High‑fidelity market dashboards that turn raw trading data into ready‑to‑publish social media cards and reports.

Python Pillow Pandas License: MIT Status


About the Project

This repository implements a set of production‑ready visualizations for a brokerage / fin‑tech analytics service based on a real client task.
The goal was to reproduce 6 Figma layouts pixel‑perfectly and transform market data into static PNG dashboards that can be used in reports, landing pages, and social media.

Who is this for?

  • Brokerages & trading platforms that need automated, branded market recap cards.
  • Analytics / research teams preparing daily or weekly PDF reports.
  • Fin‑tech founders & data engineers looking for reference implementations of non‑trivial financial visualizations in Python.

The original task (see task.txt) came from an existing microservice (visualizer-service), and this repo isolates the visualization logic into a clean, portfolio‑friendly format.


Key Features

  • 🚀 Six production‑grade dashboards
    US and RF main sessions, MOEX index movers, sector treemap, top‑10 volume and “>5% movers” – all fully coded, not screenshots.
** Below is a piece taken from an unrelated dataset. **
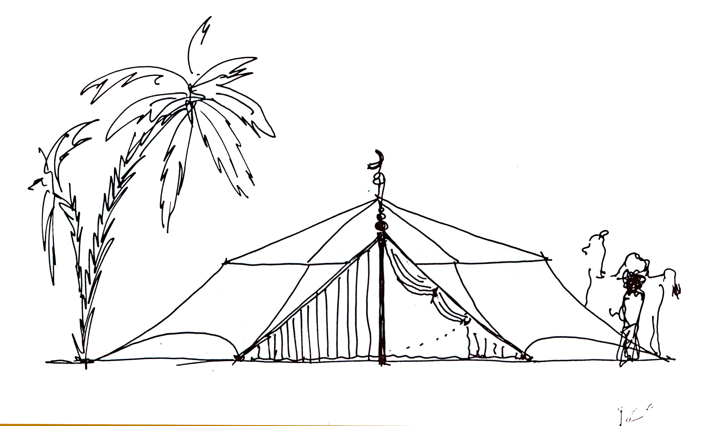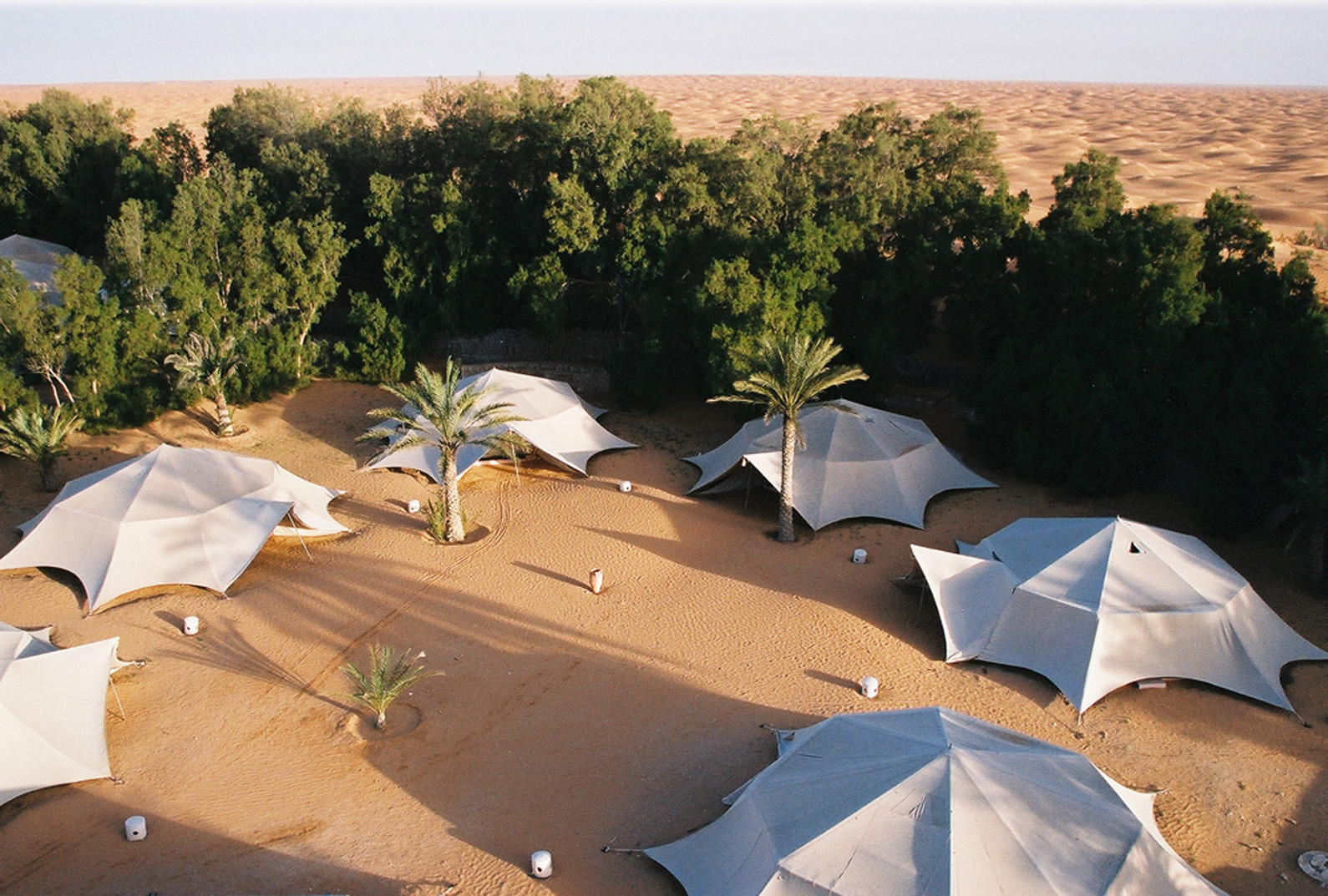 ATLANTE y a conçu un relais de 60 grandes tentes en guise de chambres ; celles-ci réalisées en tissage de lin ont été dessinées sur base de la silhouette de la tente bédouine. Toute la partie collective (accueil, restaurant, piscine) a été réalisée en constructions de pierres sèches et de murs enduits, laissant apparaître la texture des éléments les composants.

  • 🤖 Data‑driven rendering
    Each chart is driven by typed data models (dataclasses) that mirror the upstream service contracts (sessions, candles, sectors, volumes, movers).

  • 📊 Financial‑grade charts
    Custom candlestick charts with volume bars, dynamic axis labels, treemap sector layout, and percent‑based horizontal histograms.

  • 🎨 Pixel‑precise layout from Figma
    Manual positioning, shadows, rounded cards and typography matching the design system (Inter font family).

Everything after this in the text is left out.